Depreciation and Amortization
Depreciation and amortization expenses include the depreciation of fixed assets and the amortization of intangible assets. As a percentage of total revenue, depreciation and amortization decreased to 3.0% for the 26-week period ended June 30, 2015, compared to 4.6% for the 26-week period ended July 1, 2014. The decrease in depreciation and amortization as a percentage of total revenue was primarily due to reclassification from property, fixtures and equipment to assets held for sale of stores prior to their refranchising and the resulting discontinuation of depreciation on those assets. Depreciation and amortization for the 26-week period ended June 30, 2015 was $3.2 million, a decrease of $2.1 million, or 39.3%, compared to $5.3 million for the 26-week period ended July 1, 2014.
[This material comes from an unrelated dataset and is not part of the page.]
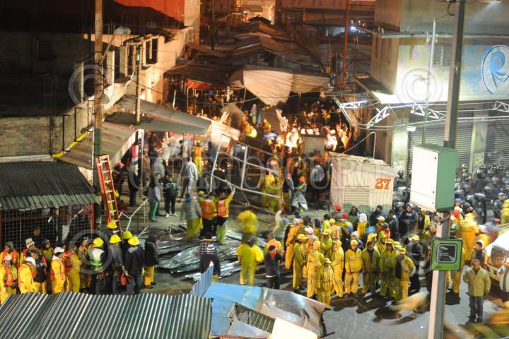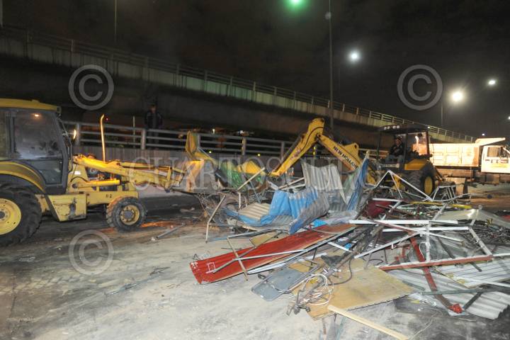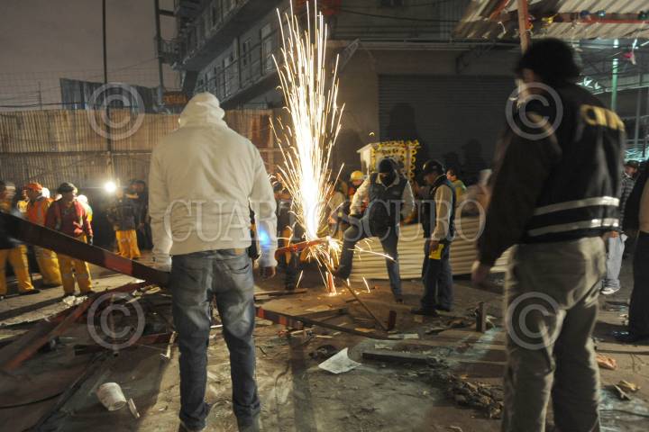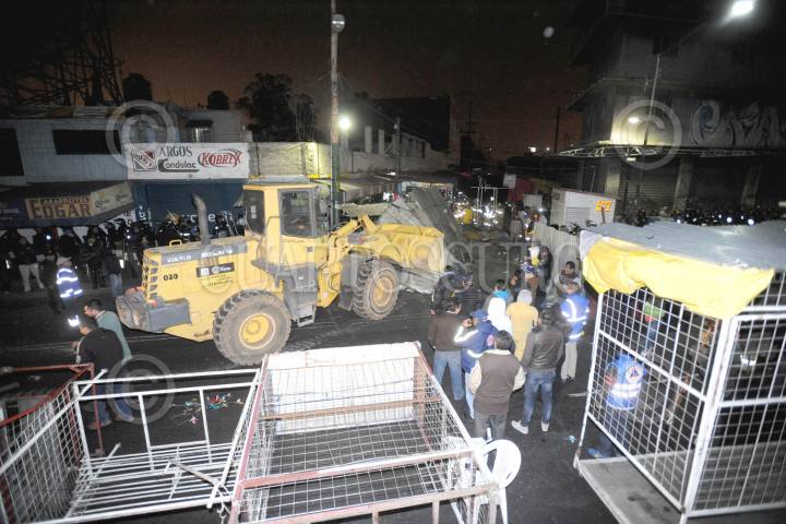 MÉXICO D.F; 26DICIEMBRE2013.- Mediante fuerte operativo armado con 2100 elementos aproximadamente entre Policías y personal de GDF, fue desmantelado el Mercado conocido como “El nuevo Tepito”, ubicado en calles del Pueblo de Santa Martha Acatitla en Iztapalapa. Apoyados con varios camiones y trascabos que transportaron el material con que estaba hecho este mercado semifijo. FOTO: LUIS CARBAYO /CUARTOSCURO.COM

General and Administrative
General and administrative (G&A) expenses include costs associated with our corporate headquarters in Emeryville, CA, field supervision, performance related incentives, outside and contract services, accounting and legal fees, travel and travel-related expenses, share-based compensation and other. As a percentage of total revenue, G&A expenses increased to 16.3% for the 26-week period ended June 30, 2015, compared to 15.5% for the 26-week period ended July 1, 2014. Total G&A expenses for the 26-week period ended June 30, 2015 were $17.4 million, a decrease of $0.5 million, or 3.0%, compared to $17.9 million for the 26-week period ended July 1, 2014. The decrease of total G&A expenses was primarily due to a decrease in payroll as a result of reduced general and administrative headcount (approximately $2.1 million) and reduced semi-annual performance related incentives (approximately $1.7 million), partially offset by an increase in professional fees (approximately $1.0 million), increased stock compensation expense related to both the timing of grants (2014 and 2015 employee grants in August 2014 and March 2015, respectively) and modified options relating to the acceleration to an asset-light model, (approximately $1.2 million) and outsourcing costs (approximately $0.9 million).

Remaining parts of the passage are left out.